C’est un moment important pour dialoguer, en particulier avec la Chine. Grâce à son initiative « la Ceinture et la Route », la Chine façonne directement de nombreuses villes africaines par le biais d’investissements et de politiques. C’est visible sur les autoroutes, les voies ferrées et les zones économiques spéciales.
On s’inquiète de plus en plus du montant et du type de dette chinoise que certains pays contractent et à quelles conditions. Il est donc nécessaire de comprendre ce qui peut influencer les politiques et les décisions d’investissement du point de vue chinois.
Au cours de l’année à venir, je réfléchirai à ce que j’apprends dans une série d’articles pour The Conversation Africa. Ceux-ci aborderont certains de ce que je considère comme les facteurs les plus importants du point de vue urbain africain, sur la base de mes recherches et travaux sur l’urbanisation africaine au cours de la dernière décennie. Je m'appuierai également sur les enseignements d'universitaires qui ont étudié et écrit sur l'urbanisation en Chine et dans la région de l'Asie du Sud-Est plus largement.
Les sujets incluront, entre autres, le financement des infrastructures publiques, l'urbanisme, les zones économiques spéciales et les villes intelligentes. Ces réflexions formeront également la base d’une publication plus formelle que j’ai l’intention d’écrire.
Je rejette l’idée d’établir des « meilleures pratiques » et de trouver « un modèle » directement reproductible.
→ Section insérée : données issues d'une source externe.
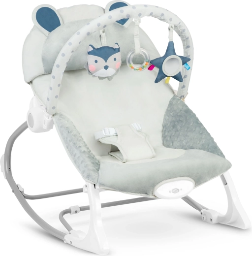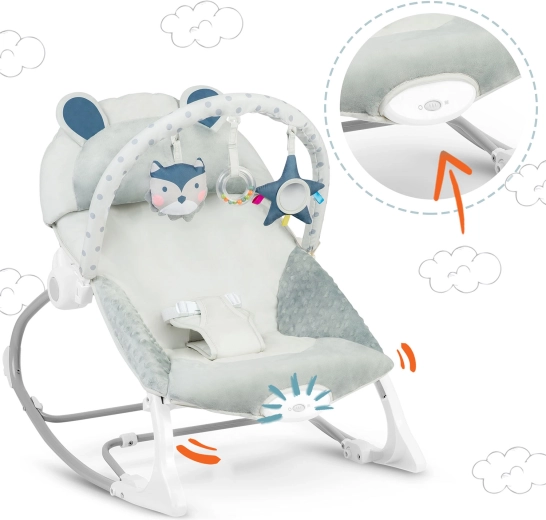 Multifunkčné detské lehátko-hojdačka RICOKIDS v štýlovej sivej farbe ponúka upokojujúce vibrácie, jemné hojdanie a odnímateľnú hrazdičku s hračkami pre zábavu aj rozvoj zmyslov. Vďaka mäkkému poťahu, 3-bodovému pásu a protišmykovým nožičkám je pohodlné a bezpečné. Poťah možno ľahko zložiť a ručne oprať.
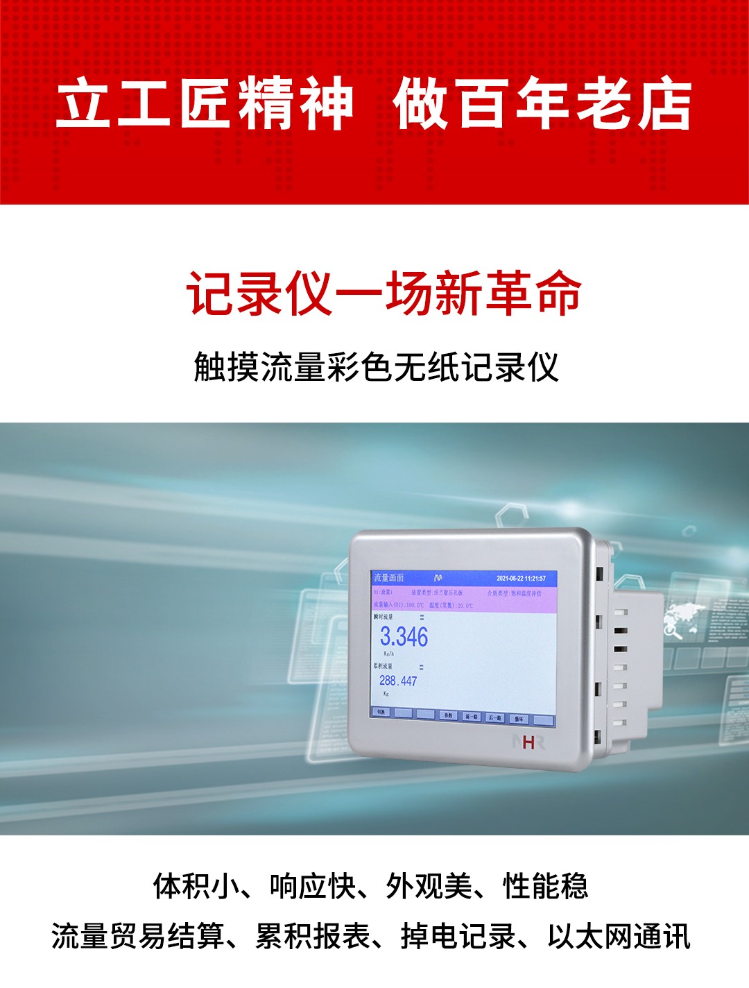 NHR-T560系列觸摸彩色流量無紙記錄儀采用新型大規(guī)模集成電路,對輸入、輸出、電 源、信號采取可靠保護(hù)和強(qiáng)抗干擾設(shè)計(jì)。

Comme indiqué, la transition urbaine en Chine, même si elle s’est produite rapidement, ne s’est pas produite du jour au lendemain et était, comme partout ailleurs dans le monde, enracinée dans des contextes historiques, institutionnels, économiques et culturels profonds.
Ce sont précisément ces particularités que je souhaite comprendre et analyser : le désordre du processus politique, la façon dont les politiques ont été adaptées au contexte local, les défis auxquels la Chine a été confrontée et certaines des opportunités et des défis que nous pouvons glaner avec le recul après plus de 40 années de mise en œuvre. . Ceux-ci dirigeront les « dépôts » vers ce que Yuen Yuen Ang, dans un essai, appelle la banque de connaissances non-meilleures pratiques, en mettant l'accent sur le fait que « les solutions peuvent prendre de multiples formes, même d'une manière qui contredit les meilleures pratiques occidentales ». .
Il s’agit du premier d’une série d’articles qui examineront l’urbanisation de l’Afrique et tireront les leçons d’autres pays.